### TASK TO CARRY OUT
Every record must be copied exactly. Leave nothing out.

### EXERCISE INPUT
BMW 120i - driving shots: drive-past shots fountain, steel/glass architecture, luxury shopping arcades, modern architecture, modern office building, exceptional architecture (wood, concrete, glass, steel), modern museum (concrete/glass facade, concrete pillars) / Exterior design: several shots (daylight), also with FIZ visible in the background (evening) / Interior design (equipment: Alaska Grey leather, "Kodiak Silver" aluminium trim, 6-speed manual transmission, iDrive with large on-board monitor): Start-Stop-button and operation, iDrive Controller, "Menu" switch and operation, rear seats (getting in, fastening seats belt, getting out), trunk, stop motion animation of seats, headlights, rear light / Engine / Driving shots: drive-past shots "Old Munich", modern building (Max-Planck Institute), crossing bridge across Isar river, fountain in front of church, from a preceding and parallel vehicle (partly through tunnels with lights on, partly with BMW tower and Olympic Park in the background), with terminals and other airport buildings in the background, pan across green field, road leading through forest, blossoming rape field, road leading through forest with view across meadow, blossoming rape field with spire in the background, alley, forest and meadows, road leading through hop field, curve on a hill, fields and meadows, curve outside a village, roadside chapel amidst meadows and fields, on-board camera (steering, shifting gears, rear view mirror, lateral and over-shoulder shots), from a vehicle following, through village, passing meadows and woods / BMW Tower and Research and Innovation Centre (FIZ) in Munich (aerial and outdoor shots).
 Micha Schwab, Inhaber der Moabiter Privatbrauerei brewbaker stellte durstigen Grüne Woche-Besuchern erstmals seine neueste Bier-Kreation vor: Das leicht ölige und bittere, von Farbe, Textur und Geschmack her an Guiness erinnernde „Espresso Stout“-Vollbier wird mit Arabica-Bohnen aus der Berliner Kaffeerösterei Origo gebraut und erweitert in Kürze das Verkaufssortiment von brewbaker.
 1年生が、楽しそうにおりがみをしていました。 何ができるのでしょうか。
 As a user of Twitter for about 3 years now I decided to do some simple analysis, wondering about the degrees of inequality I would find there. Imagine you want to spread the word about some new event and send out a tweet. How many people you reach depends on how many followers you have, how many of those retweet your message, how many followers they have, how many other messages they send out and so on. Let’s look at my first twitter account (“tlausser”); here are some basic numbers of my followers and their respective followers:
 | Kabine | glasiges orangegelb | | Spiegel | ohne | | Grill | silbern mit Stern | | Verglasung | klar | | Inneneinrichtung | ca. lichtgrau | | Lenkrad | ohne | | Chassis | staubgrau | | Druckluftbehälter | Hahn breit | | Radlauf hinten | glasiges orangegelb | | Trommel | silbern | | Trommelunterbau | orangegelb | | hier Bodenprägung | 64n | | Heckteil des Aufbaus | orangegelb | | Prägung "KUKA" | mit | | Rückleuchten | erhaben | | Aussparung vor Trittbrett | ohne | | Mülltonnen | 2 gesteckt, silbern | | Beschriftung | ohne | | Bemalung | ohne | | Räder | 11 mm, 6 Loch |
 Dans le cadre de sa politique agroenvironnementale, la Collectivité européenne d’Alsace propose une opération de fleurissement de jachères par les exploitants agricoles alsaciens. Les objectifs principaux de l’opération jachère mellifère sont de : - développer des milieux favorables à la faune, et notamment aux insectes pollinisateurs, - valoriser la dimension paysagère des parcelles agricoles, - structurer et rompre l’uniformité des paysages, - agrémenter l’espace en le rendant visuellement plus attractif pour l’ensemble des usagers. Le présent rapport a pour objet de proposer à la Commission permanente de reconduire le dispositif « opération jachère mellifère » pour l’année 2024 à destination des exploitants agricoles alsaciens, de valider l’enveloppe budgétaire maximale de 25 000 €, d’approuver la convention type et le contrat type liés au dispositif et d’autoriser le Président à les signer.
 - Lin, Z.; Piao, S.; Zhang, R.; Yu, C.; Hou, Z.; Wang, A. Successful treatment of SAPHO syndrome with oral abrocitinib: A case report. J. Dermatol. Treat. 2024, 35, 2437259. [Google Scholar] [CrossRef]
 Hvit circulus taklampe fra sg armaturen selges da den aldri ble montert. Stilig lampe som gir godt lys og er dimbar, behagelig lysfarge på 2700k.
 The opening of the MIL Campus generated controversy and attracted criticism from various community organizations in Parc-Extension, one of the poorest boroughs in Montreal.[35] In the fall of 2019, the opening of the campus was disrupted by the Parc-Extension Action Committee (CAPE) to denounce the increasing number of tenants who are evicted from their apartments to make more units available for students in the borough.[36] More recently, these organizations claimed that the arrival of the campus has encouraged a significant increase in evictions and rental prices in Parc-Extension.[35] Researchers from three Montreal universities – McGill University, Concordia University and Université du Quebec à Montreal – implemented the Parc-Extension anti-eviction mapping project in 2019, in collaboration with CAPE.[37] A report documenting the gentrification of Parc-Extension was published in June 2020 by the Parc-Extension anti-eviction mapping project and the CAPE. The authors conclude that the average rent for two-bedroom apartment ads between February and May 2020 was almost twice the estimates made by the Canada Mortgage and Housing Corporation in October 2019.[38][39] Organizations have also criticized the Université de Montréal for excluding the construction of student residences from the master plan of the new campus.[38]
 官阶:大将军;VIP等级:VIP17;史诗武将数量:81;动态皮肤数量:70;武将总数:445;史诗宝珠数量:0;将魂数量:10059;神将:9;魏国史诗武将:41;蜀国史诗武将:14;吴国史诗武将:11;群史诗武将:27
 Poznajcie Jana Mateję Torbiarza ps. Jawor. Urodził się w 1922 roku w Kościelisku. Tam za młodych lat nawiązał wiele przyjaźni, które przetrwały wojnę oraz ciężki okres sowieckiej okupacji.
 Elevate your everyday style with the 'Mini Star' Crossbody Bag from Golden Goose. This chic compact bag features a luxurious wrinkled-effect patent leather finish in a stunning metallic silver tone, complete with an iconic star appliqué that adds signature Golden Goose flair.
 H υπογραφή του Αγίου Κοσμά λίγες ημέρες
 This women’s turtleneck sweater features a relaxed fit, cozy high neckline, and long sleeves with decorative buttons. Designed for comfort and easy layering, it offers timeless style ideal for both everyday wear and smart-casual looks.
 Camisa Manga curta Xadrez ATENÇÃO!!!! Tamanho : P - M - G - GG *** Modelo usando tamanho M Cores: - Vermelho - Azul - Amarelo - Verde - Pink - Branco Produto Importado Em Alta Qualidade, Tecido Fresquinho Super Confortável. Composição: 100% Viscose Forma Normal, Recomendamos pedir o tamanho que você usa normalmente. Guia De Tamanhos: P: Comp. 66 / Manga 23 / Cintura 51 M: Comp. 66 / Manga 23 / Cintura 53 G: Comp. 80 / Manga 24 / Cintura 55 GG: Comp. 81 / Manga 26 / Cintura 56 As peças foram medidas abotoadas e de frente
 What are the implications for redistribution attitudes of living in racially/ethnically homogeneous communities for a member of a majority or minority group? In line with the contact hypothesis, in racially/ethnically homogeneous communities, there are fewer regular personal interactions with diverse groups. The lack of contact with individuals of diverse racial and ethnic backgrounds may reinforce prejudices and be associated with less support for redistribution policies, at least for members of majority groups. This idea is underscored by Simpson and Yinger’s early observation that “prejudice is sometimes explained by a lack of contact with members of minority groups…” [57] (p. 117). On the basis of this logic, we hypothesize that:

### ANSWER TO THIS PROBLEM
BMW 120i - driving shots: drive-past shots fountain, steel/glass architecture, luxury shopping arcades, modern architecture, modern office building, exceptional architecture (wood, concrete, glass, steel), modern museum (concrete/glass facade, concrete pillars) / Exterior design: several shots (daylight), also with FIZ visible in the background (evening) / Interior design (equipment: Alaska Grey leather, "Kodiak Silver" aluminium trim, 6-speed manual transmission, iDrive with large on-board monitor): Start-Stop-button and operation, iDrive Controller, "Menu" switch and operation, rear seats (getting in, fastening seats belt, getting out), trunk, stop motion animation of seats, headlights, rear light / Engine / Driving shots: drive-past shots "Old Munich", modern building (Max-Planck Institute), crossing bridge across Isar river, fountain in front of church, from a preceding and parallel vehicle (partly through tunnels with lights on, partly with BMW tower and Olympic Park in the background), with terminals and other airport buildings in the background, pan across green field, road leading through forest, blossoming rape field, road leading through forest with view across meadow, blossoming rape field with spire in the background, alley, forest and meadows, road leading through hop field, curve on a hill, fields and meadows, curve outside a village, roadside chapel amidst meadows and fields, on-board camera (steering, shifting gears, rear view mirror, lateral and over-shoulder shots), from a vehicle following, through village, passing meadows and woods / BMW Tower and Research and Innovation Centre (FIZ) in Munich (aerial and outdoor shots).
 Micha Schwab, Inhaber der Moabiter Privatbrauerei brewbaker stellte durstigen Grüne Woche-Besuchern erstmals seine neueste Bier-Kreation vor: Das leicht ölige und bittere, von Farbe, Textur und Geschmack her an Guiness erinnernde „Espresso Stout“-Vollbier wird mit Arabica-Bohnen aus der Berliner Kaffeerösterei Origo gebraut und erweitert in Kürze das Verkaufssortiment von brewbaker.
 1年生が、楽しそうにおりがみをしていました。 何ができるのでしょうか。
 As a user of Twitter for about 3 years now I decided to do some simple analysis, wondering about the degrees of inequality I would find there. Imagine you want to spread the word about some new event and send out a tweet. How many people you reach depends on how many followers you have, how many of those retweet your message, how many followers they have, how many other messages they send out and so on. Let’s look at my first twitter account (“tlausser”); here are some basic numbers of my followers and their respective followers:
 | Kabine | glasiges orangegelb | | Spiegel | ohne | | Grill | silbern mit Stern | | Verglasung | klar | | Inneneinrichtung | ca. lichtgrau | | Lenkrad | ohne | | Chassis | staubgrau | | Druckluftbehälter | Hahn breit | | Radlauf hinten | glasiges orangegelb | | Trommel | silbern | | Trommelunterbau | orangegelb | | hier Bodenprägung | 64n | | Heckteil des Aufbaus | orangegelb | | Prägung "KUKA" | mit | | Rückleuchten | erhaben | | Aussparung vor Trittbrett | ohne | | Mülltonnen | 2 gesteckt, silbern | | Beschriftung | ohne | | Bemalung | ohne | | Räder | 11 mm, 6 Loch |
 Dans le cadre de sa politique agroenvironnementale, la Collectivité européenne d’Alsace propose une opération de fleurissement de jachères par les exploitants agricoles alsaciens. Les objectifs principaux de l’opération jachère mellifère sont de : - développer des milieux favorables à la faune, et notamment aux insectes pollinisateurs, - valoriser la dimension paysagère des parcelles agricoles, - structurer et rompre l’uniformité des paysages, - agrémenter l’espace en le rendant visuellement plus attractif pour l’ensemble des usagers. Le présent rapport a pour objet de proposer à la Commission permanente de reconduire le dispositif « opération jachère mellifère » pour l’année 2024 à destination des exploitants agricoles alsaciens, de valider l’enveloppe budgétaire maximale de 25 000 €, d’approuver la convention type et le contrat type liés au dispositif et d’autoriser le Président à les signer.
 - Lin, Z.; Piao, S.; Zhang, R.; Yu, C.; Hou, Z.; Wang, A. Successful treatment of SAPHO syndrome with oral abrocitinib: A case report. J. Dermatol. Treat. 2024, 35, 2437259. [Google Scholar] [CrossRef]
 Hvit circulus taklampe fra sg armaturen selges da den aldri ble montert. Stilig lampe som gir godt lys og er dimbar, behagelig lysfarge på 2700k.
 The opening of the MIL Campus generated controversy and attracted criticism from various community organizations in Parc-Extension, one of the poorest boroughs in Montreal.[35] In the fall of 2019, the opening of the campus was disrupted by the Parc-Extension Action Committee (CAPE) to denounce the increasing number of tenants who are evicted from their apartments to make more units available for students in the borough.[36] More recently, these organizations claimed that the arrival of the campus has encouraged a significant increase in evictions and rental prices in Parc-Extension.[35] Researchers from three Montreal universities – McGill University, Concordia University and Université du Quebec à Montreal – implemented the Parc-Extension anti-eviction mapping project in 2019, in collaboration with CAPE.[37] A report documenting the gentrification of Parc-Extension was published in June 2020 by the Parc-Extension anti-eviction mapping project and the CAPE. The authors conclude that the average rent for two-bedroom apartment ads between February and May 2020 was almost twice the estimates made by the Canada Mortgage and Housing Corporation in October 2019.[38][39] Organizations have also criticized the Université de Montréal for excluding the construction of student residences from the master plan of the new campus.[38]
 官阶:大将军;VIP等级:VIP17;史诗武将数量:81;动态皮肤数量:70;武将总数:445;史诗宝珠数量:0;将魂数量:10059;神将:9;魏国史诗武将:41;蜀国史诗武将:14;吴国史诗武将:11;群史诗武将:27
 Poznajcie Jana Mateję Torbiarza ps. Jawor. Urodził się w 1922 roku w Kościelisku. Tam za młodych lat nawiązał wiele przyjaźni, które przetrwały wojnę oraz ciężki okres sowieckiej okupacji.
 Elevate your everyday style with the 'Mini Star' Crossbody Bag from Golden Goose. This chic compact bag features a luxurious wrinkled-effect patent leather finish in a stunning metallic silver tone, complete with an iconic star appliqué that adds signature Golden Goose flair.
 H υπογραφή του Αγίου Κοσμά λίγες ημέρες
 This women’s turtleneck sweater features a relaxed fit, cozy high neckline, and long sleeves with decorative buttons. Designed for comfort and easy layering, it offers timeless style ideal for both everyday wear and smart-casual looks.
 Camisa Manga curta Xadrez ATENÇÃO!!!! Tamanho : P - M - G - GG *** Modelo usando tamanho M Cores: - Vermelho - Azul - Amarelo - Verde - Pink - Branco Produto Importado Em Alta Qualidade, Tecido Fresquinho Super Confortável. Composição: 100% Viscose Forma Normal, Recomendamos pedir o tamanho que você usa normalmente. Guia De Tamanhos: P: Comp. 66 / Manga 23 / Cintura 51 M: Comp. 66 / Manga 23 / Cintura 53 G: Comp. 80 / Manga 24 / Cintura 55 GG: Comp. 81 / Manga 26 / Cintura 56 As peças foram medidas abotoadas e de frente
 What are the implications for redistribution attitudes of living in racially/ethnically homogeneous communities for a member of a majority or minority group? In line with the contact hypothesis, in racially/ethnically homogeneous communities, there are fewer regular personal interactions with diverse groups. The lack of contact with individuals of diverse racial and ethnic backgrounds may reinforce prejudices and be associated with less support for redistribution policies, at least for members of majority groups. This idea is underscored by Simpson and Yinger’s early observation that “prejudice is sometimes explained by a lack of contact with members of minority groups…” [57] (p. 117). On the basis of this logic, we hypothesize that:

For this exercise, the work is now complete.